Life in Cape Town has been treating me very well! I’ve enjoyed the last few busy weeks with Anglican Society at the University in Cape Town and at the Anglican Student Federation office. I’m also very much looking forward to my Mom’s arrival on Wednesday night! She’ll be spending a week with me here in the Mother City!!!!
 Last night, at the Sunday evening student service at St. Paul’s Anglican Church in Rondebosch, I had the privilege of giving the evening’s sermon.  I didn’t even think about the fact that it was World Mission Sunday all around the Episcopal Church community back home as I went on living out my mission here. Anyway, here is what I shared last night, based on the gospel reading Matthew 17:1-9:

As we sit here, pressing the pause button on our busy lives to enjoy our Sunday evening service, I’m sure many of you are plagued by the question, “Is tomorrow Monday already?”  Just knowing that when I go to bed tonight, I have to set that early weekday alarm again is enough to make me feel a little bummed, too.
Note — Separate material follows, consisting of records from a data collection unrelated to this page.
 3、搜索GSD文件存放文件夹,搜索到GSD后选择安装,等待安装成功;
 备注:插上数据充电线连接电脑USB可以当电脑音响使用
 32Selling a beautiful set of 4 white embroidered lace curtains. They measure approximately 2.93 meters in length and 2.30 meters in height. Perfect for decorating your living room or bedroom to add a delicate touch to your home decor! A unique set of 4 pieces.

For students, Monday brings with it work and classes and for me it brings, my personal favorite, commuting in the summer heat. You go from one responsibility to the next – hardly able to process the nuances of your busy student day until it’s over, and by then, you don’t want to sit there reflecting. If you’re anything like I was last year, you’re probably really tired of thinking. All you want to do is zone out and get some sleep before another day of the madness.
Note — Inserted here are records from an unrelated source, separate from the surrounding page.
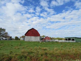 Keywords: farm country rural pasture field weathered wooden farmland structure grass red barn
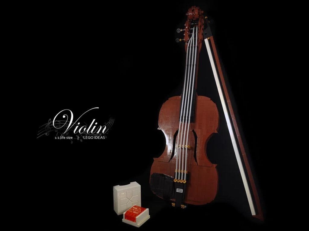El proyecto de Violin por SAMUEL HO es el más reciente en conseguir los 10,000 seguidores en LEGO Ideas. Este es el proyecto número 40 de esta etapa de revisión. La construcción recrea un violín de tamaño real con 1,029 piezas. Usa muchos diferentes elementos para darle las cuevas y detalle al instrumento, usando técnicas también de SNOT.
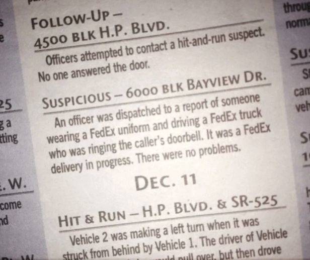 Some people have too much time on their hands. Why would someone think a person in a FedEx jacket is doing something suspicious by delivering a package?
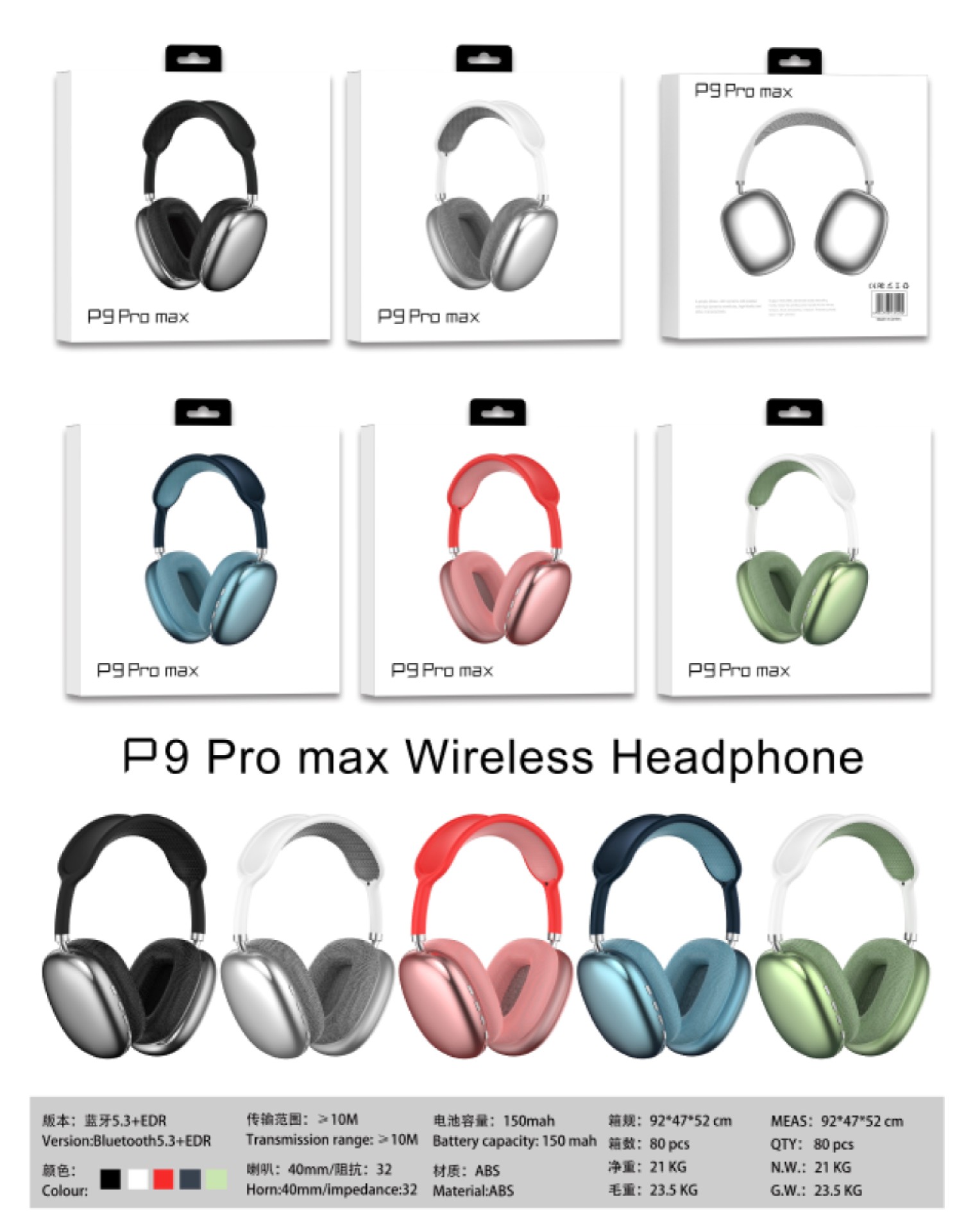 P9Promax 헤드셋 무선 블루투스 스테레오 헤드폰 타입-C 휴대폰 이어폰 공장 직판
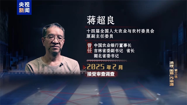 蒋超良,十四届全国人大农业与农村委员会原副主任委员,曾任中国农业银行董事长,吉林省委副书记、省长,湖北省委书记等职务,2025年2月接受审查调查。
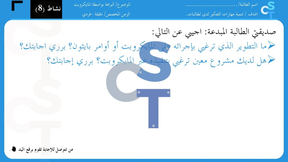 الحقوق محفوظة لحساب معلم علوم الحاسب ولا يحق للعميل نشر رابط العرض ولا تزويد الآخرين به دون دفع قيمة النسخة حتى لا يقع تحت طائلة المساءلة بقية الحقوق مرفقة بالعرض وفي صورة العينات

    Now, Peter, James, John, and nine of their closest friends had a pretty intense daily grind of their own. They followed Jesus around watching him perform miracles and preach sermons people would remember for centuries. While I’m certain that this kept them exhaustingly busy, I’m also quite certain that it’s probably the coolest way to pack your daily routine in the history of the world. How do you even write a job description for something like that? In his book The Irresistible Revolution, Shane Claiborne speculates that Peter would answer: “’Well, I was going to be a fisherman, but then I met this dude, and he messed all that up.’”
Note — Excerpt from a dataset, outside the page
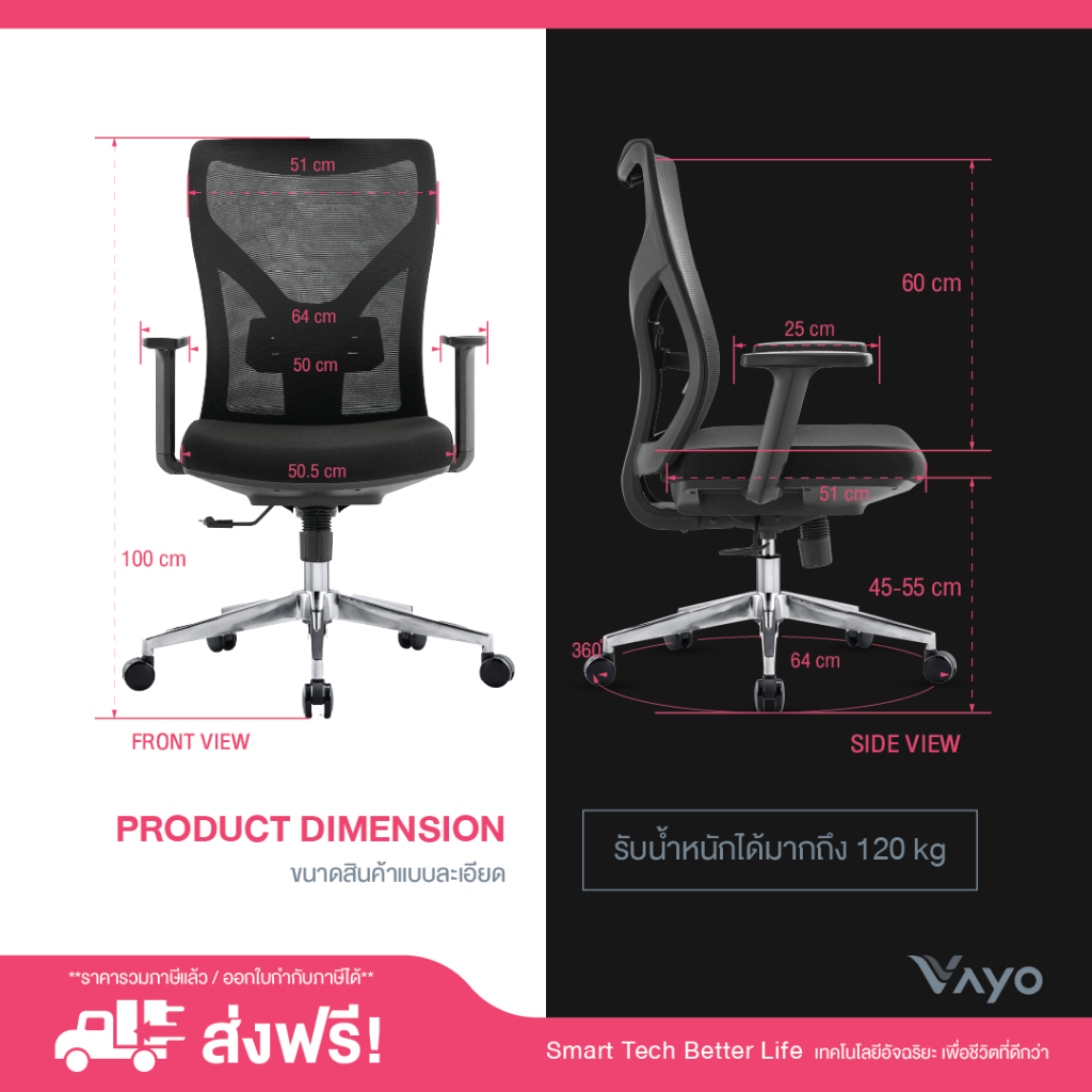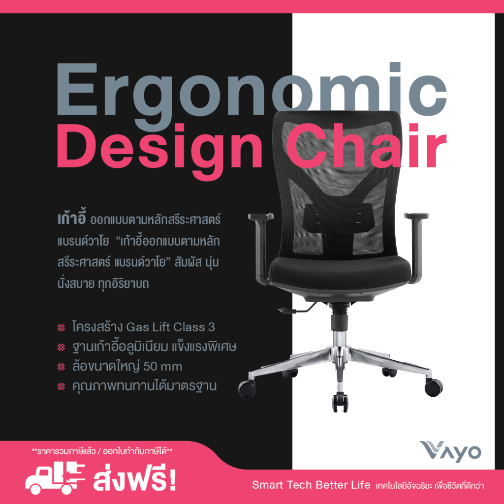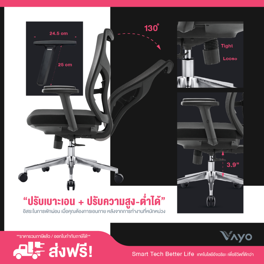 Vayo Ergonomic Design Chair เก้าอี้เพื่อสุขภาพ เก้าอี้ออฟฟิศ ลดปวดหลัง ปรับได้ 4D มี/ไม่มีพนักพิงหัว

    When Peter, James, & John follow Jesus up the mountain in Matthew 17, they doing it having already seen some pretty cool stuff. So when Jesus starts to shine like the sun and converse with the ghosts of miraculous leaders long past, Peter doesn’t hesitate to start suggesting ways to commemorate this Miracle of the Week… so they can climb down the mountain and do the next cool thing in the course of their daily gospel-spreading grind…. But this is clearly not what God had in mind, when God arranged for the Transfiguration of Jesus!
    God interrupts Peter and calls to him to attention, saying in v5, “This is my Son, my Beloved [with a capital B, I might add]; with him I am well pleased; listen to Him!” Listen, Peter, listen up! God knows how busy Peter is being a disciple. He knows how busy you are and how busy I am, but being busy is no excuse for ignoring the acts of Grace and the miracles present in our lives! No matter how frequent or infrequent.
    While Peter may not have so much ignored the truly awesome sights that he witnessed at the Transfiguration of Jesus in the Gospel reading today, he didn’t fully take them in either, which is part of what God means when he tells Peter to listen. Hit the pause button and take in the moment around you. “Life is a matter of a miracle that is collected over time by moments flabbergasted to be in each other’s presence.” So, you all too, take a moment to be flabbergasted – to be truly and deeply amazed. As they sing in the Broadway show Rent, “there’s no day but today.”
    Now, we may not have the privilege of witnessing the Transfiguration in the middle of our daily routine this week, but when something even just a little awesome does happen, will you be like Peter and rush through the miraculous moment, racing towards the next thing? Or will you be able to pause and listen long enough to take in the simple beauty of the light upon this earth.